- _EXERCISE DETAILS_: Your task is to restate word for word the lines in the material below, from the one with "이번 행사는 코로나19" up to and including the one with "実証後アンケートより72.8". Do not carry over the pictures.

- _SOURCE DATA_:
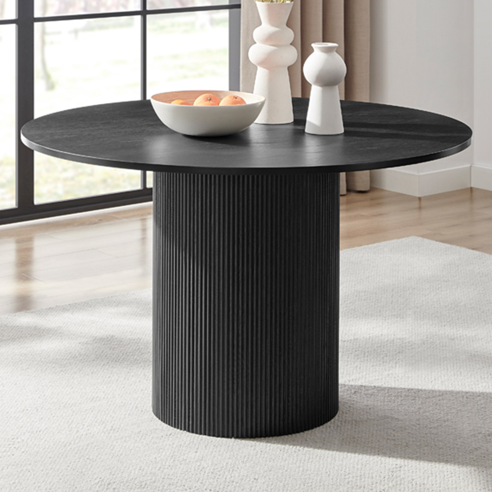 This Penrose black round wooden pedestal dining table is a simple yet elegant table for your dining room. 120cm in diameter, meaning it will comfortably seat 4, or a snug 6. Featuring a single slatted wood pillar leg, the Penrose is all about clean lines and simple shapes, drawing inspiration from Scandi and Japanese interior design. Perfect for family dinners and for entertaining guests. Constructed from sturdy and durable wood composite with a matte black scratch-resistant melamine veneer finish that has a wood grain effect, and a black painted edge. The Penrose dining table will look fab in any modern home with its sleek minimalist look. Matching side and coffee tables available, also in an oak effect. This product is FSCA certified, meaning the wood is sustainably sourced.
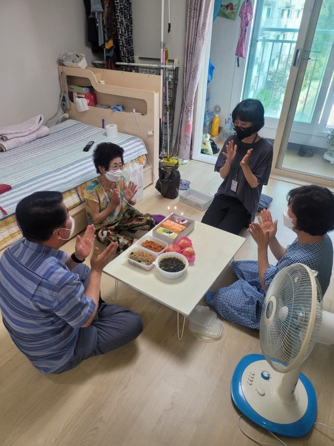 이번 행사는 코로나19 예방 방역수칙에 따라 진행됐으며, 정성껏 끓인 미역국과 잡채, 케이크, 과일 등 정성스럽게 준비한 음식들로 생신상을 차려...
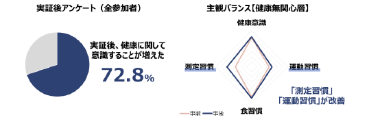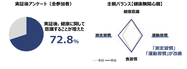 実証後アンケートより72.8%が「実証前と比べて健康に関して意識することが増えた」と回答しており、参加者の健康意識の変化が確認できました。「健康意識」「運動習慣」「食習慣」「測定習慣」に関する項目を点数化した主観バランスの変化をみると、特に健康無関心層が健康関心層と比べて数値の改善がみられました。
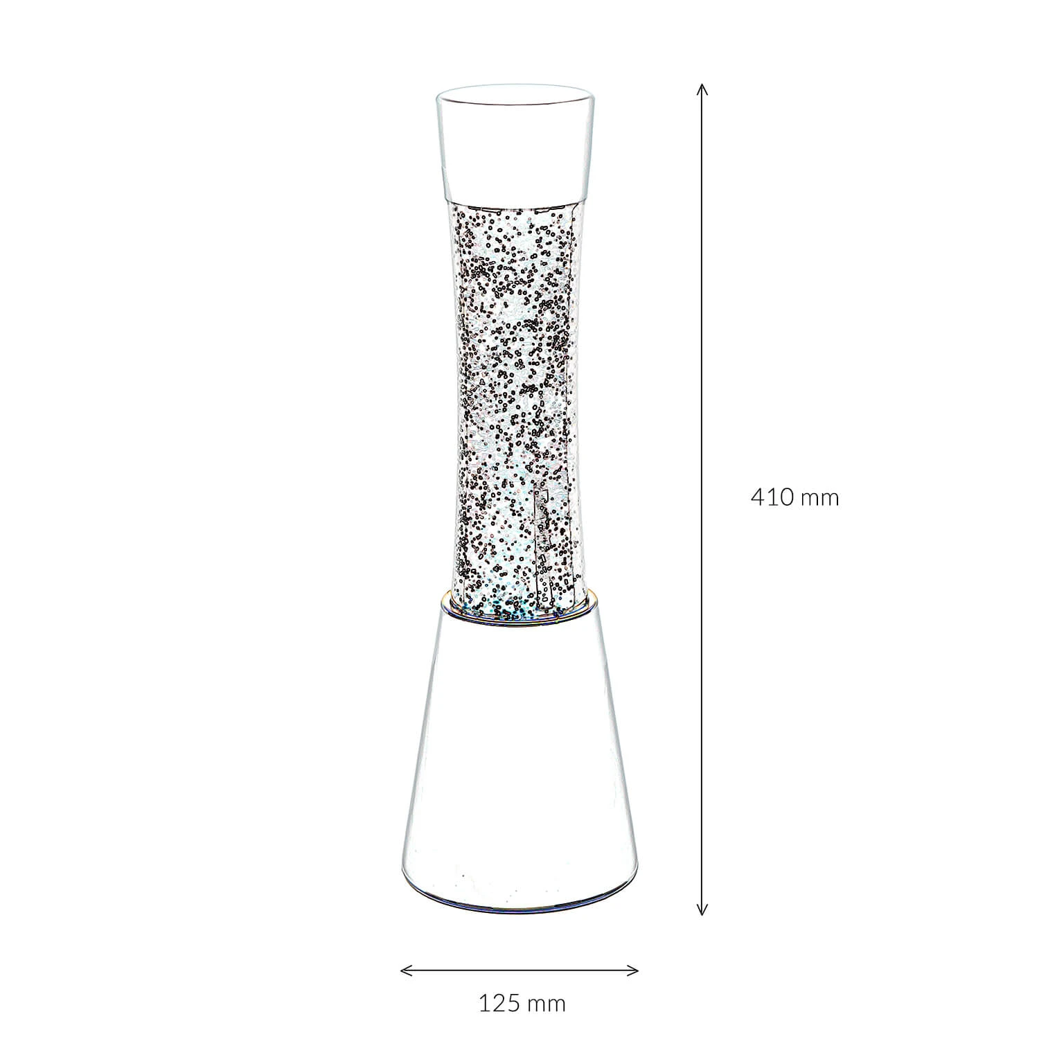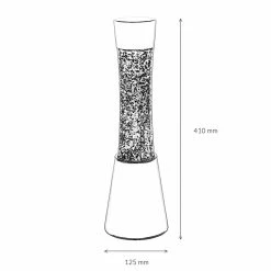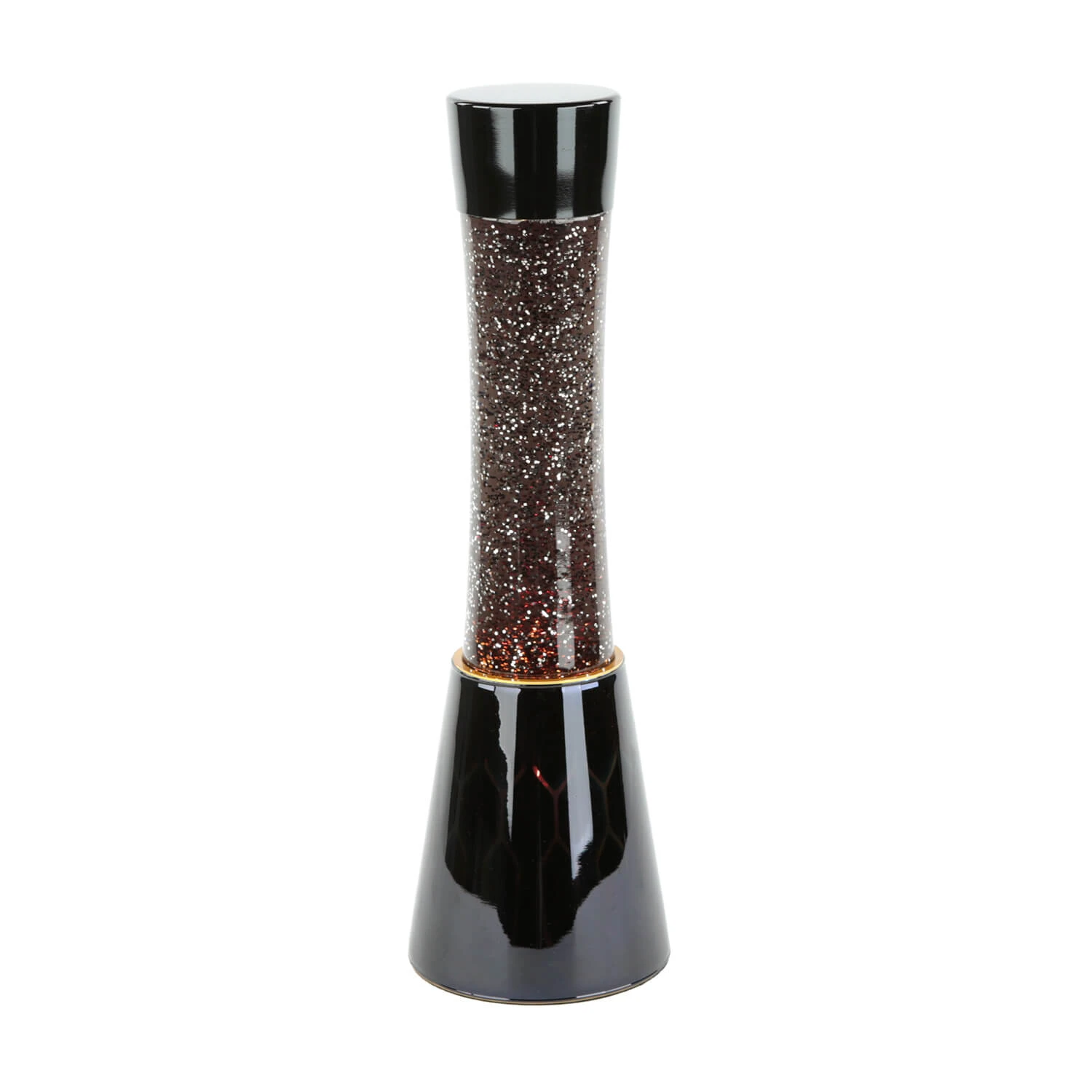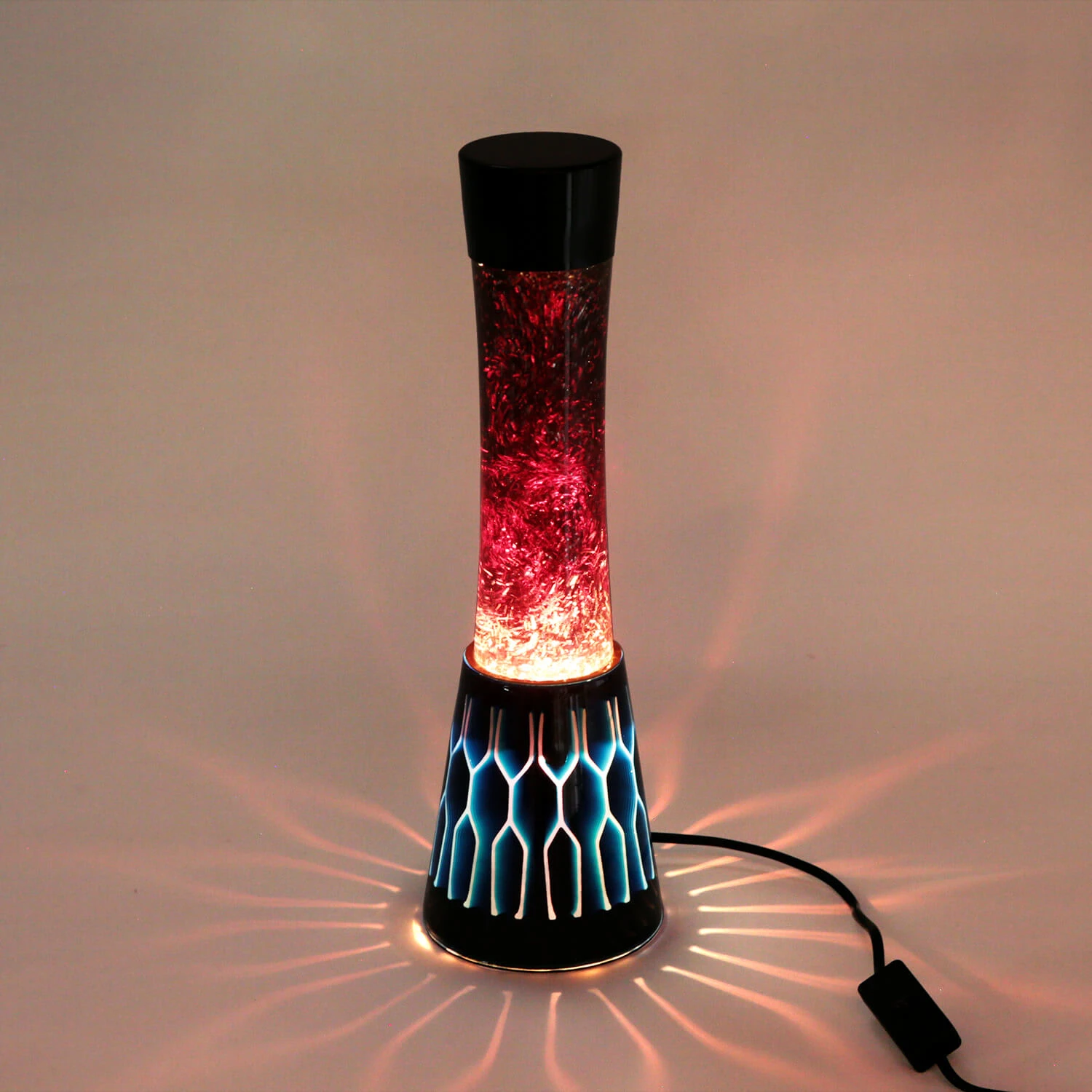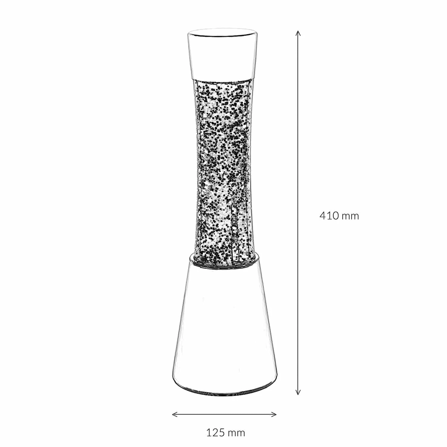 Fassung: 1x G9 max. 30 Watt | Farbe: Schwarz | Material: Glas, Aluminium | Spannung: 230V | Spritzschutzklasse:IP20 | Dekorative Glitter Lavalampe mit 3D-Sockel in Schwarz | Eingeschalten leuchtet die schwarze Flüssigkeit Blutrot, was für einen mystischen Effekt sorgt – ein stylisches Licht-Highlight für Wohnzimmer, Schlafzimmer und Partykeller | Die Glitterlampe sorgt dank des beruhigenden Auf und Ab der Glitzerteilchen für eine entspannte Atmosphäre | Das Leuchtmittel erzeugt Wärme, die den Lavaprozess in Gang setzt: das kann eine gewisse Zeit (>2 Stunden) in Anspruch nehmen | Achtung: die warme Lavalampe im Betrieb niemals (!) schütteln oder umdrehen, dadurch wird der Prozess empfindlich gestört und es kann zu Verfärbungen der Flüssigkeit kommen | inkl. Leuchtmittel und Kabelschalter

- _SOLVED EXERCISE_:
 이번 행사는 코로나19 예방 방역수칙에 따라 진행됐으며, 정성껏 끓인 미역국과 잡채, 케이크, 과일 등 정성스럽게 준비한 음식들로 생신상을 차려...
 実証後アンケートより72.8%が「実証前と比べて健康に関して意識することが増えた」と回答しており、参加者の健康意識の変化が確認できました。「健康意識」「運動習慣」「食習慣」「測定習慣」に関する項目を点数化した主観バランスの変化をみると、特に健康無関心層が健康関心層と比べて数値の改善がみられました。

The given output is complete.